### WHAT THE EXERCISE ASKS
Begin at the line below that has "del ‘900 in […]". Stop after the line that has "整个空间将浪漫简约风格自然的", repeating each line exactly and leaving out the pictures.
'''
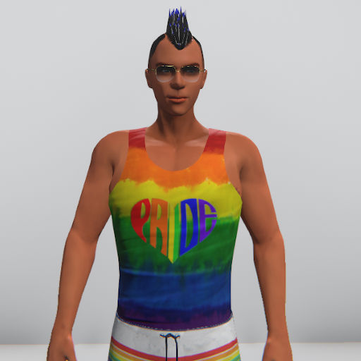 Mens Tie Dye Tank with Pride heart shaped letters on the front.
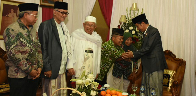 Selain kepada Jokowi, Difabel Blora Mustika juga menyerahkan karya batiknya kepada Kiai Ma'ruf yang juga menjabat sebagai Rais 'Aam PBNU itu.
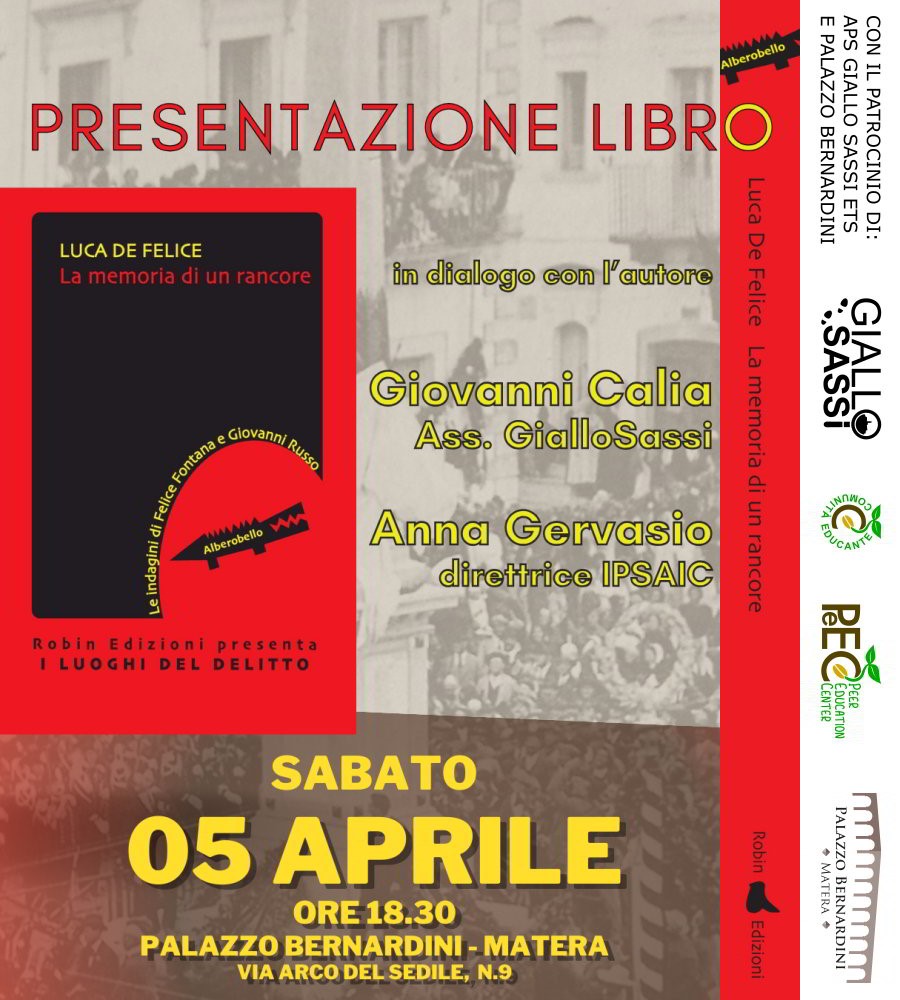“La memoria di un rancore” è il titolo del libro di Luca De Felice che sarà presentato a Matera, presso Palazzo Bernardini (Arco del Sedile n. 9, Matera), sabato 5 aprile 2025 alle ore 18,30, su iniziativa dell’APS Giallo Sassi. Si tratta di un giallo storico ambientato in una Alberobello degli anni ’20 del ‘900 in […]
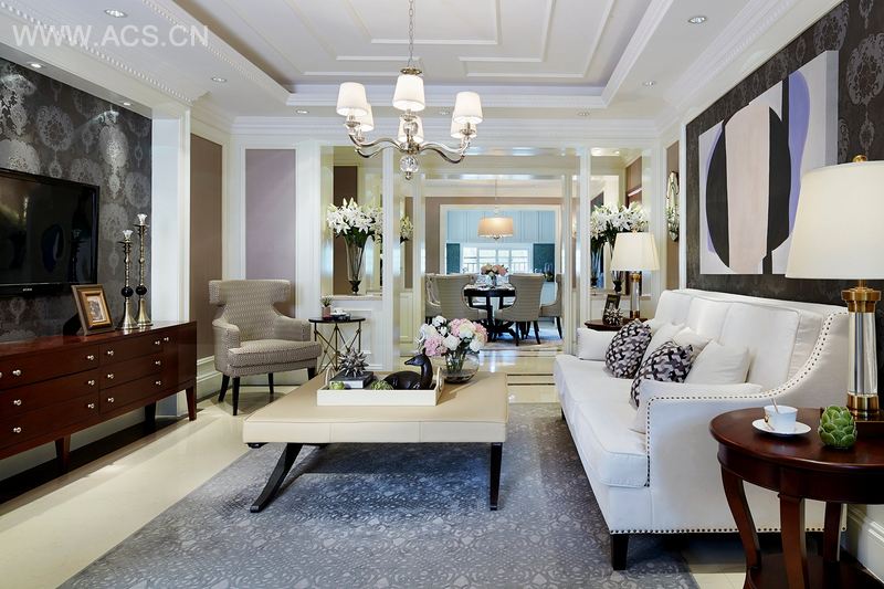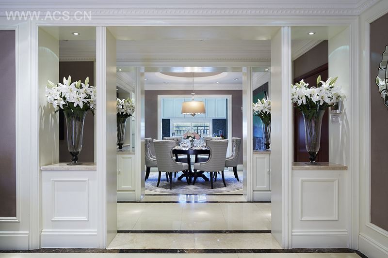 整个空间将浪漫简约风格自然的流露在细节的每一处,每一根线条,每一个饰品都是设计师精心安排的,在设计上追求空间的连续性和形体变化的层次感中,让整体豁达大气,却不失精致与温和。进入空间舒适、愉悦的气氛使人感到心灵的彻底放松。似乎每一个元素都是为这个空间而生,完美融合成浪漫简约的室内空间。
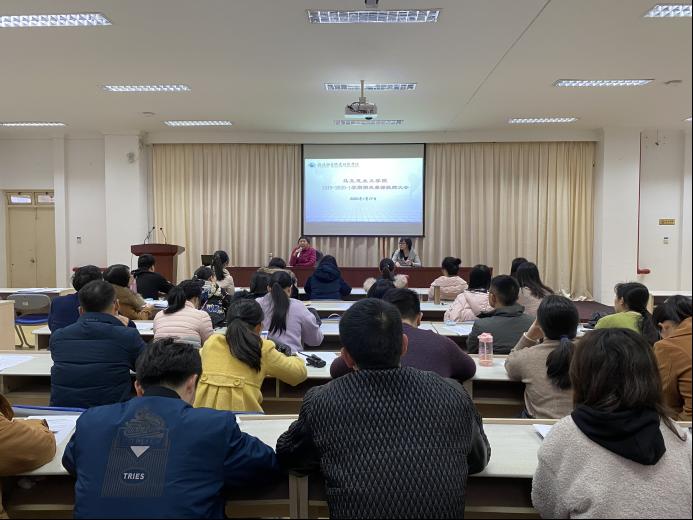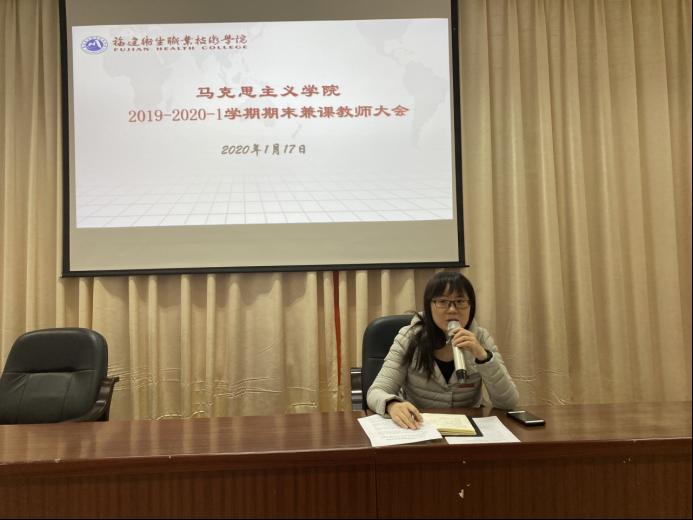 為全面提升教師教學(xué)質(zhì)量,深入貫徹落實(shí)學(xué)校思想政治理論課教師座談會(huì)、全國(guó)教育大會(huì)、全國(guó)高校思想政治工作會(huì)議精神,貫徹落實(shí)中共中央辦公廳、國(guó)務(wù)院辦公廳《關(guān)于深化新時(shí)代學(xué)校思想政治理論課改革創(chuàng)新的若干意見(jiàn)》,辦好新時(shí)代高職高專(zhuān)思想政治理論課,用習(xí)近平新時(shí)代中國(guó)特色社會(huì)主義思想鑄魂育人,發(fā)揮好思政課在高職高專(zhuān)院校立德樹(shù)人根本任務(wù)的關(guān)鍵課程作用,抓好思政課教師隊(duì)伍建設(shè),馬克思主義學(xué)院(以下簡(jiǎn)稱(chēng)“馬院”)于2020年1月17日在行政樓六樓會(huì)議室召開(kāi)馬院2019-2020-1學(xué)期期末兼課教師大會(huì),全體兼課教師參與本次會(huì)議,馬院院長(zhǎng)熊美蘭主持。
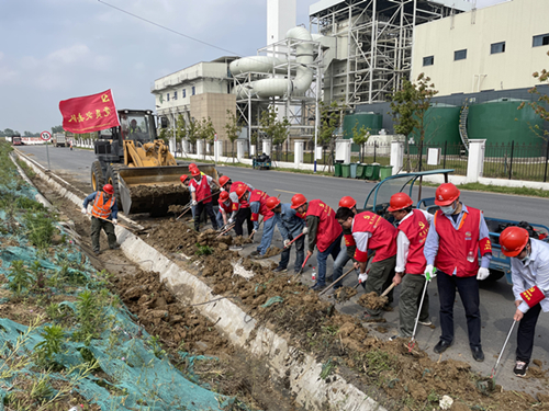 为做好今年的汛期防汛工作,筑牢汛期安全防线,4月27日,长丰皖能生物质能公司党支部组织全体党员、各部门负责人、入党积极分子及相关重要岗位人员对厂区的排水沟进行彻底清理。
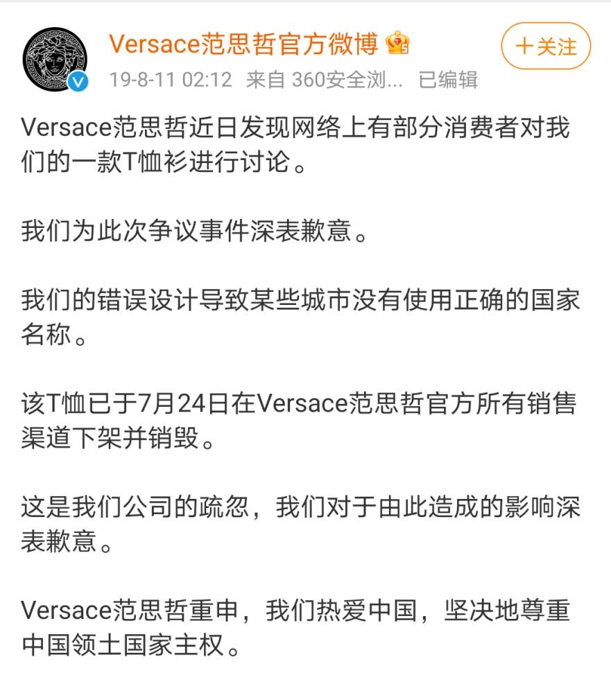在杨幂工作室发文后12分钟,范思哲官方微博发声明致歉,承认T恤的设计有错,导致某些城市没有使用正确的国家名称,而该款T恤已于7月24日从所有官方销售管道下架并销毁。范思哲重申,“我们热爱中国,坚决地尊重中国领土国家主权”。
'''
### RESPONSE FOR THIS EXERCISE
“La memoria di un rancore” è il titolo del libro di Luca De Felice che sarà presentato a Matera, presso Palazzo Bernardini (Arco del Sedile n. 9, Matera), sabato 5 aprile 2025 alle ore 18,30, su iniziativa dell’APS Giallo Sassi. Si tratta di un giallo storico ambientato in una Alberobello degli anni ’20 del ‘900 in […]
 整个空间将浪漫简约风格自然的流露在细节的每一处,每一根线条,每一个饰品都是设计师精心安排的,在设计上追求空间的连续性和形体变化的层次感中,让整体豁达大气,却不失精致与温和。进入空间舒适、愉悦的气氛使人感到心灵的彻底放松。似乎每一个元素都是为这个空间而生,完美融合成浪漫简约的室内空间。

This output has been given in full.